Cooking a delicious meal for your wife at the end of the night - that's super easy.
Now, try cooking 300 plates every day at a Michelin Star level. It's a completely different ball game.

The same is true when we talk about data extraction requests. Sending a single request so that it gets through without a problem is something anyone can do. But scaling that to over 1,000 requests every second changes the game completely.
At Centric Software, we operate at this level, running over 5,000 scrapers that send 130 million requests daily. At this scale, you simply cannot be fixing things every single day. You have to shift your attention from reactive fixes to perfecting the initial development process.
The chef's secret
I used to be a Michelin-trained chef, and I remember working with a colleague who had an amazing capability. He would walk in with a massive list of tasks, and it would just disappear in seconds. I had no idea how he did it. One day, over a beer, I asked him his secret. He told me, "Just take your time."
It sounds counterintuitive, doesn't it? If I work slower on one task, I'll take longer to get to the next. But eventually, it made sense. Every mistake you make is costly. Every time you rush and have to re-do something, it takes time away from you. But, if you take your time, understand the task, and do it correctly the first time, the net amount of tasks you complete is far greater.
“Every minute you spend in the investigation is 10 times that saved in the implementation”
– Kieron Spearing, Data Collection Engineer, Centric Software
This is one of many lessons from the kitchen that can be directly translated to my work today as a Data Collection Engineer.
Adopting an investigative mindset
To build resilient scrapers that can handle thousands of requests per second, you need to adopt an investigative mindset. This is a methodical process for analyzing how a website works before you write a single line of code.
It can be broken down into three key phases:
Learn how the website expects user interaction.
Break down requests to their minimum requirements.
Translate these discoveries into a resilient scraper.
This process ensures you understand the system deeply. As Albert Einstein said:
“If you can’t explain it simply, you don’t understand it well enough.”
– Albert Einstein
A practical investigation: ‘Go shopping’
Let's walk through an example. The first step is to simply "Go Shopping." Open the target website in a browser and use it. How is the data represented naturally? How is a user expected to search for and buy a product?
As you interact with the site, your goal is to find where the data is coming from. Using your browser’s developer tools, you can inspect the network traffic and identify the specific API request that fetches the data you need.
Once you’ve located the request, it’s time for experimentation. This is where the fun begins.
Take the cURL of the request. Extract the raw request from your browser.
Bit by bit, remove components with the intention of breaking the request. Remove headers, cookies, and parameters one by one.
Fix it and repeat. When the request fails, you’ve found an essential component. Add it back, document it, and continue removing other parts.
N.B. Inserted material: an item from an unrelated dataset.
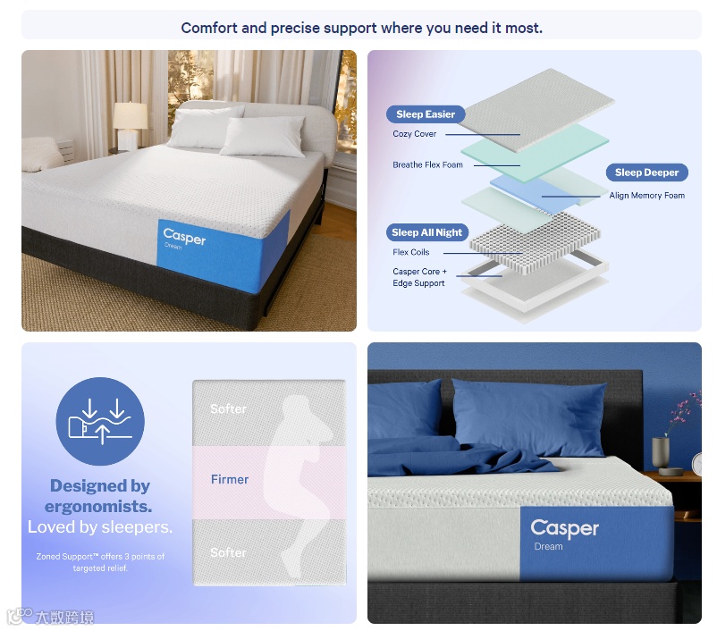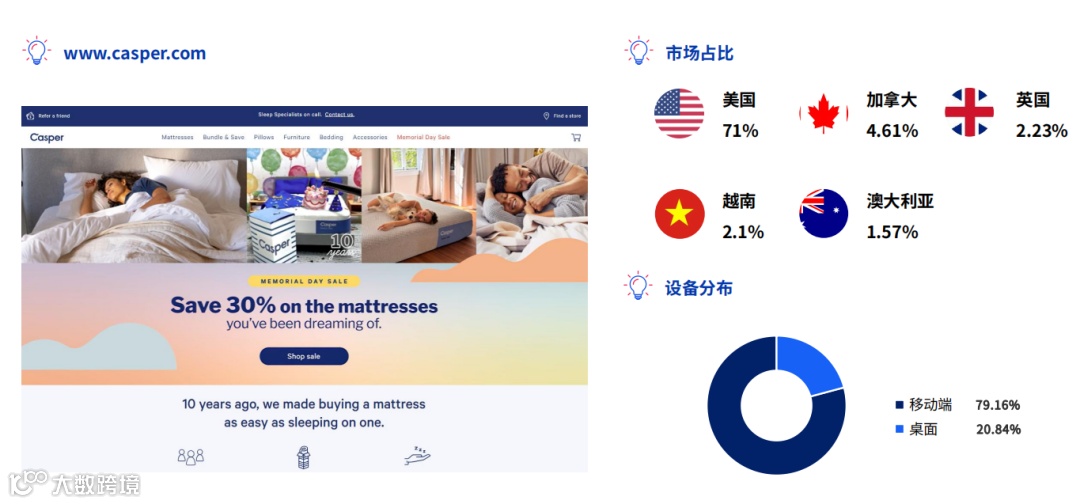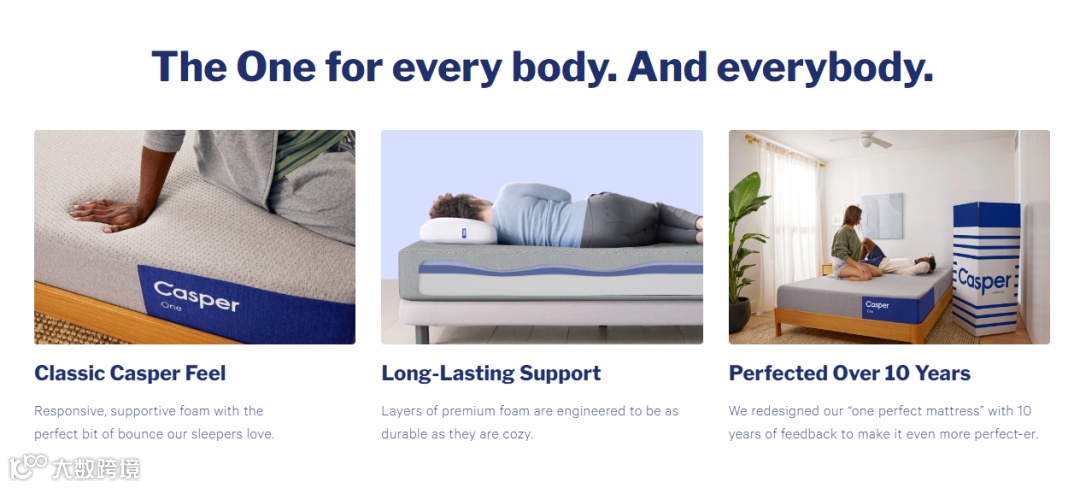 Casper的床垫产品虽然在技术上壁垒相对较低,且产品复制性较强但公司通过深入研究消费者的睡眠习惯和痛点,与消费者建立了强烈的共鸣。Casper团队在产品开发到配送服务的每一个环节都体现了对细节的关注,确保了优质的客户体验。此外,Casper还成功运用了品牌社交媒体营销和KOL营销等现代营销策略,快速确立了其在市场上的独特定位,并通过多渠道营销有效引流,为其独立站汇聚了大量流量,逐渐积累了大批忠实顾客。在床垫市场的长期竞争中持续展现出其品牌魅力。

The goal isn't just to get a working cURL command; the goal is to understand what you learn as you go.
This is why I avoid tools like Postman for this initial investigation, as they can modify the request in subtle ways. A better approach is to use a reverse proxy like mitmproxy, which shows you exactly what is being sent. For performing the investigations and documenting these requests, especially in a team environment, I recommend a tool like Bruno.
During this process, you should be able to answer several key questions:
Are cookies required?
Are any headers essential?
Where are dynamic values generated?
Is proxy quality important?
Is the proxy tied to the request?
Is the header order important?
Common pitfalls vs. winning strategies
This investigative process helps avoid common pitfalls that lead to brittle scrapers and technical debt. By shifting your strategy, you build for resilience and scale from the very beginning.
| Pitfalls (The Quick Way) | Strategies (The Resilient Way) |
|---|---|
| HTML-first approach: Scraping data directly from the HTML structure. | API-first approach: Finding the underlying API that populates the page. APIs are more stable and less likely to change than front-end layouts. |
| Gathering the entire feed at once: Creating a single, monolithic process to discover and collect all data. | Decouple discovery and collection: Use one process to find all the product URLs and a separate process to collect the data for each URL. This prevents a single failure from stopping the entire operation (avoiding cascading failure) and allows for targeted retries. |
| Hitting the website without regard to latency: Sending requests as fast as possible without any delays. | Retries with Jitter and/or bounded exponential backoff: Be respectful. Implement intelligent delays and backoff strategies to avoid overwhelming the server, which also reduces the chance of getting blocked. |
| Quick-fix approach: Rushing to get a scraper working to meet a deadline, creating technical debt. | Well-documented investigations & sustainable mindset: Take your time. Thoroughly document your findings. This creates a sustainable system that requires far less maintenance in the long run. |
By documenting your discoveries, you create a blueprint for a robust scraper. You understand your framework's limitations and can build any necessary tools.
Ultimately, scale comes from building resilient systems.
So, how can we send 1,000 requests per second as easily as we send one? The answer lies in the methodical, investigative process. Every minute you spend in the investigation is 10 times that saved in the implementation.
Because every chef knows that thorough preparation is the key to fine food.